より多くのご馳走が現れたので、そちらへと向かっただけだったのだ。
スライムが、格上であるビッグスライムを食す。
レッドキャップが、精強なはずのマンティコアを貪る。
ヤタガラスが、襲いかかってきたロングキャタピラーを返り討ちにして食らう。
先程我々を苦しめた魔物も、そうでない魔物も、皆一様に食らい食らわれている。
そう、ご馳走だ。
我々はここではただのご馳走なのだ。数が多く、そして弱い、ご馳走。
扉の言葉を思い出す。
『弱き者は生き残れない。強き者も生き残れない。
群れる者よ、群れる強さに溺れるなかれ。その数は時として、見る者の食指を動かす』
我々は食指を動かすに足る数で群れていたのだ。だから狙われた。
この場所では強さが全てであり、強さなど何の役にも立たない。
なぜなら魔物も我々も、ただ狙われ、ただ殺され、ただ殺し、ただ食らい、ただ食らわれ、ただ狙う関係でしかない。強かろうが弱かろうが、皆一様に捕食者であり、獲物でもある。

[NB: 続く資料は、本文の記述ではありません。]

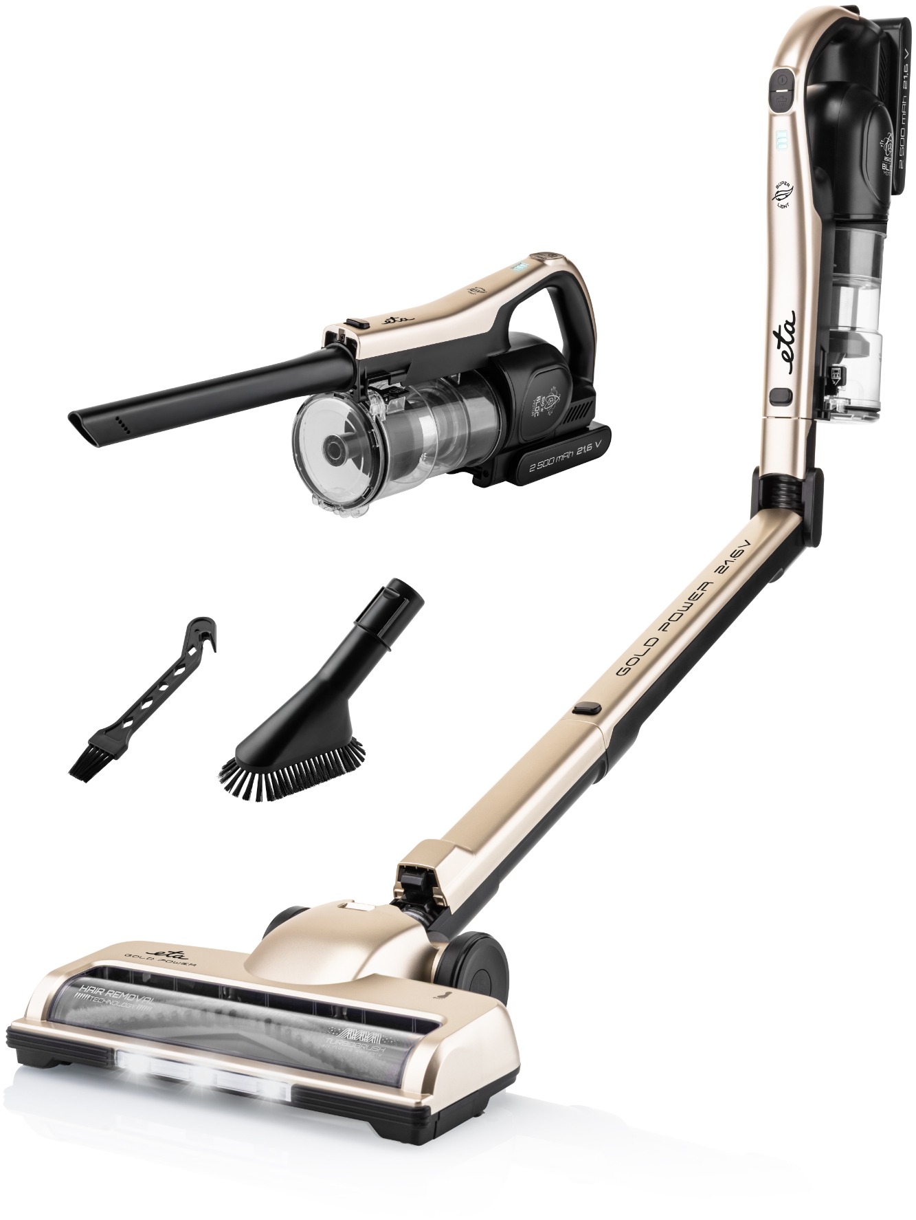 Tyčový vysávač – tyčový a ručný vysávač – vysávanie podláh, nábytku a čalúnenie, BLDC motor 250 W, napájanie Li-Ion akumulátor, výdrž až 35 min., podlahová hubica s LED osvetlením a s technológiou proti namotávaniu vlasov a chlpov, objem prachovej nádoby 0,4 l, príslušenstvo: kovová sacia trubica s kĺbom, dlhá štrbinová hubica, vankúšová hubica, univerzálna rotačná kefa, hmotnosť 1,5 kg Tyčový vysávač ETA Gold Power 1212 90000ETA Gold Power 1212 90000 je bezdrôtový pomocník 2 v 1, ktorý spojí tyčový aj ručný vysávač v jednom elegantnom tele. BLDC motor 250 W sa postará o silné a stab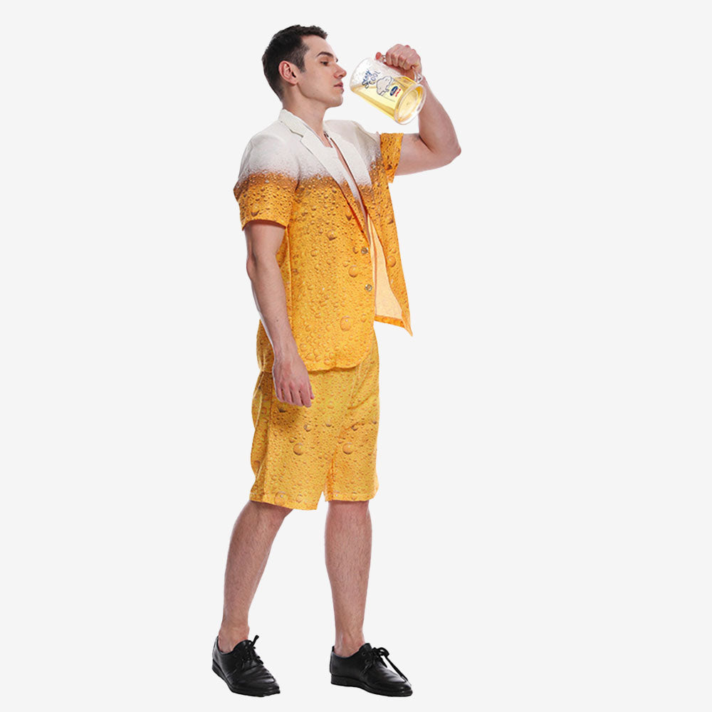 Version short : veste imprimée “bière”, short assorti, cravate.

実際、俺より強いはずの副官は既に死んだ。何十、何百と部下も死んだ。
生き残る術。それを俺は考える。
よく考えれば、本来群れで行動するレッドキャップが、単独で襲いかかってきたのもおかしい。
やはり群れれば群れるほど襲われ続けるという、それは証明なのではないだろうか。
まずは、群れないことを優先しよう。
部隊の者が呆然とその地獄絵図に見入っている内に、俺は部隊を離れた。こんな所にいつまでもとどまっていればたちまち俺も食われてしまう。
通路を曲がると、またヒュドラがいた。ヒュドラは先程も相手をしている。あの程度なら俺1人でもなんとでもできる。
俺はまだこちらに気付いていないヒュドラに襲いかかり、ハルバートを振り降ろした。
ザンッ!
と音が響き、
ヒュドラの首に浅く傷がついた。
「は?」
俺が最期に見たのは、無数の蛇の頭がこちらに迫ってくる光景だった。